Faylay~しあわせの魔法
ヴァンガードはフェイレイから操縦桿を奪い、座席から叩き落すと、サッと辺りに視線を走らせる。

「お、ヴァン、出来んの?」

「貴方よりは、きっとね!」

計器類の中にあるミサイル探知機が赤く光っている。

後ろから迫ってきていることに気付いたヴァンガードは、スロットルを開け、操縦桿を引いた。

目の前を滑空する飛行艇たちを掠めるように上昇し、ミサイルは避けた黒い飛行艇に直撃した。

「ひゅう~! ヴァン、お前天才!」

と、ヴァンガードに抱きつくと。

「うるさいですよ! 後ろに座っててください!」

そう、怒られた。

すごすごと後ろにやってきたフェイレイに、リディルは笑みを向ける。
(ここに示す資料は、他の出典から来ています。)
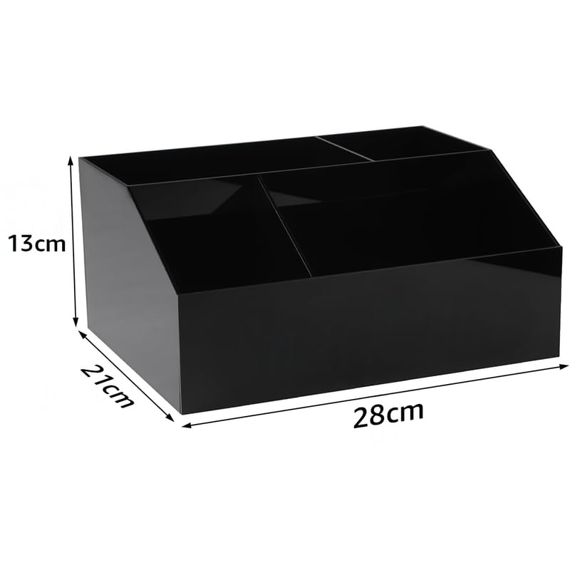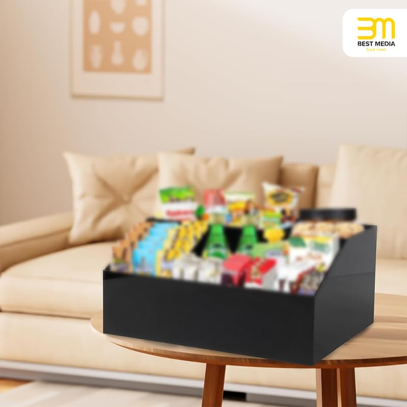 BM Best Media Advertising and Industrial Services - منظم وجبات خفيفة لسطح الطاولة من بيست ميديا، محطة تخزين اكريليك سوداء مع 4 مساحات تخزين للمطبخ او المخزن او المكتب، صندوق عرض الوجبات الخفيفة والمشروبات للرقائق والزجاجات، لمسة نهائية لامعة، اسود
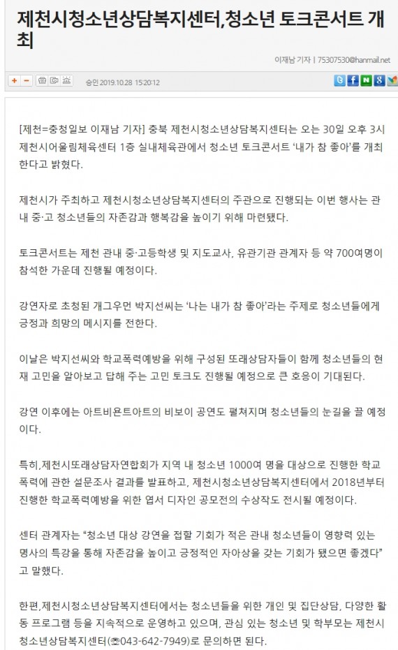 제천시청소년상담복지센터, 청소년 토크콘서트 개최 페이지 정보 작성자 운영자 댓글 0건 조회 3,501회 작성일 19-10-31 15:01 본문 제천시청소년상담복지센터, 청소년 토크콘서트 개최 목록 이전글제천시청소년상담복지센터 내일 토크콘서트 19.10.31 다음글제천시청소년상담복지센터, 박지선과 함께하는 청소년 토크콘서트 연다 19.10.31 댓글목록 댓글목록 등록된 댓글이 없습니다.
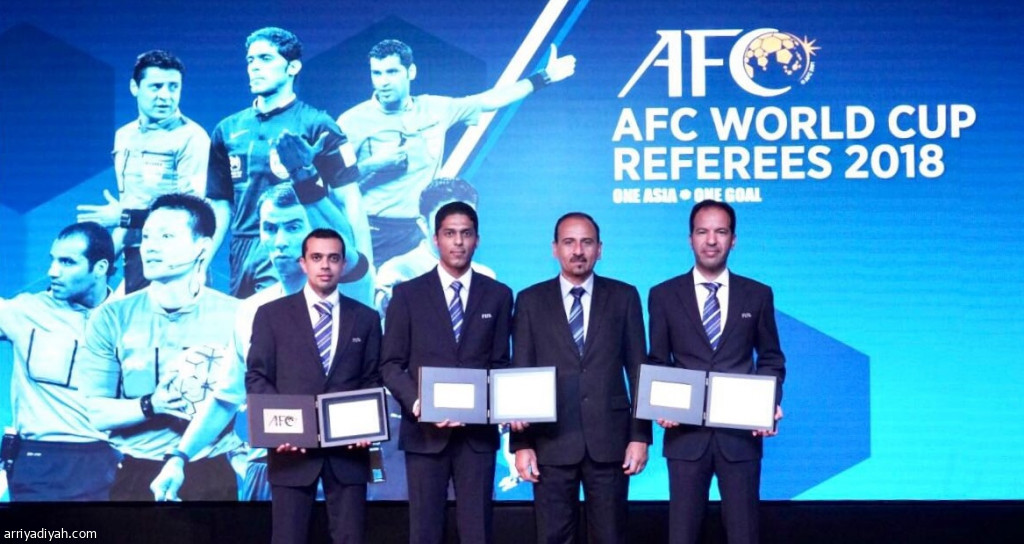 كرم الاتحاد الآسيوي لكرة القدم اليوم، الطاقم السعودي المشارك في إدارة مباريات نهائيات كأس العالم 2018 في روسيا، بقيادة الدولي فهد المرداسي والحكمين المساعدين عبدالله الشلوي ومحمد العبكري، بحضور المحاضر علي الطريفي.
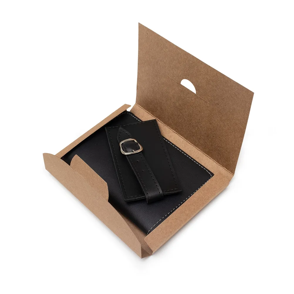 Kit Viagem 2 peças Bidins em couro sintético. Possui porta passaporte Porta com três divisórias para cartões e identificador de bagagem com fivela ajustável.
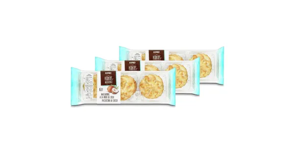 Dauerbackware Dauerbackware. 180g. – Zutaten: Kokosnussraspeln 39%, Zucker, Wasser, Feuchthaltemittel (E 420), EIWEISSPULVER*, Invertzuckersirup, modifizierte Kartoffelstärke (E1412), Weissmehl...
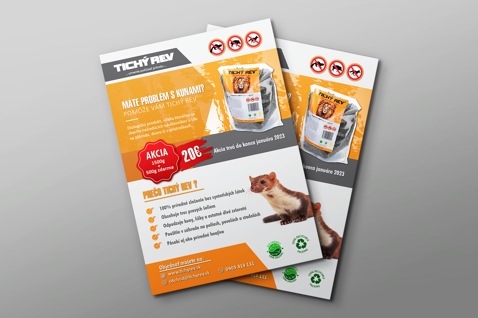Pre zaujímavý produkt na trhu - odpudzovač zvierat ( pelety s trusom pravých šeliem ), vzniklo nové logo, etiketa na balenie a grafika letákov. Pre logo bol použitý výrazný tučný font a v písmene R symbol kriku.

フェイレイもそれに応え、微笑んだところで……。

「あれは!?」

ヴァンガードが声を上げた。

遠くの方から、徐々に空が暗く染まってきている。

「……魔族」

リディルが小さく呟く。

「魔族?」

ずっと目を閉じていたローズマリーも、目を大きく開けて、迫ってくる魔族の群れを眺めた。

遠くに見えていた暗い影はあっという間に眼前に迫り、飛行艇の傍をびゅんびゅんと通り過ぎていく。

大きな鋼鉄のような翼を羽ばたかせ、紫暗色の鱗を持つ、ドラゴンの顔をした魔族は。